誘惑
「あー、長風呂しすぎたなー。ビールだ、ビール。美弥ー、おまえも飲むかぁ? ん?」
バスタオルを首からさげ、リビングに入ったリョウは、ソファーで寝てしまっている美弥を見た。
「美弥っ。・・・おい、美弥っ」
リョウは美弥のほおを軽くたたきながら声をかけていたが、寝入ってしまったのか、美弥は目覚めそうになかった。
「ったく、風邪ひくぞ」
リョウは美弥をかかえると、リビングを出て、階段をあがった。
壊れた美弥の部屋ではまだ生活ができないため自身の部屋に運び、ベッドに横たわらせると、しばらく美弥の寝顔を見つめた。
静かな部屋に、美弥の寝息が響く。
やがて、枕元に腕を立て、美弥の唇に自らのそれを重ねた。
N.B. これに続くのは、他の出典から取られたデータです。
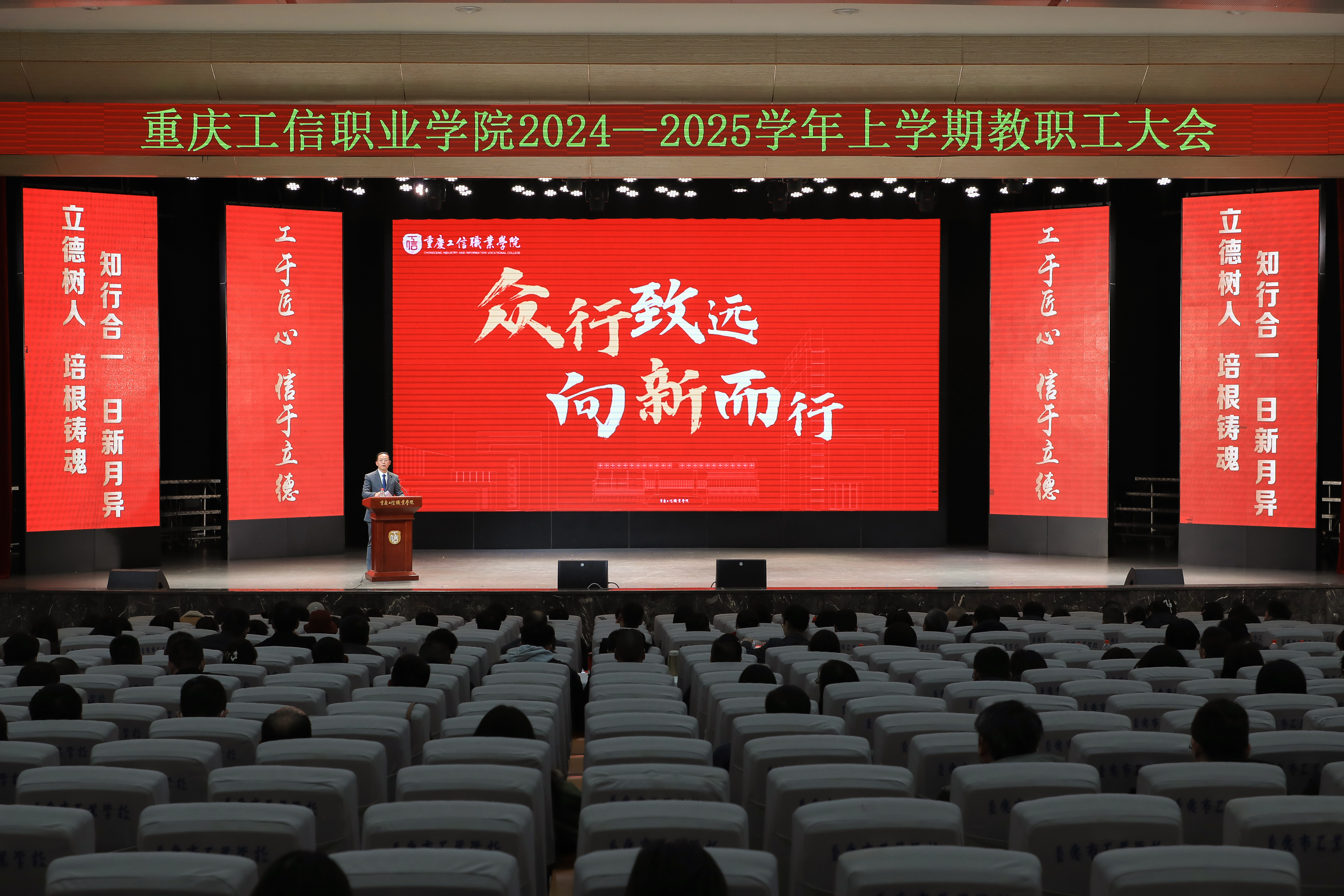 2025年1月16日,重庆工信职业学院隆重举行期末教职工大会。全体教职工齐聚一堂,共同回顾学校发展历程,总结全年工作。会议由党委副书记吴瑶主持,学校领导班子成员出席会议,全体教职工参加。

美弥が寝ていることを気にするでもなく、気持ちよく重なる場所を求めて、ついばむように、口付けた。
「・・・ん」
美弥が、うっすらと目を開けた。しかし、自然にトロンと閉じてしまうため、美弥は懸命に開けようとしていた。
「寝てな」
リョウは美弥の両目を閉じるように手で覆うと、唇を重ねた。
「ん・・・」
再び深い眠りに入ってゆくであろう美弥に毛布をかけ、リョウは部屋を出た。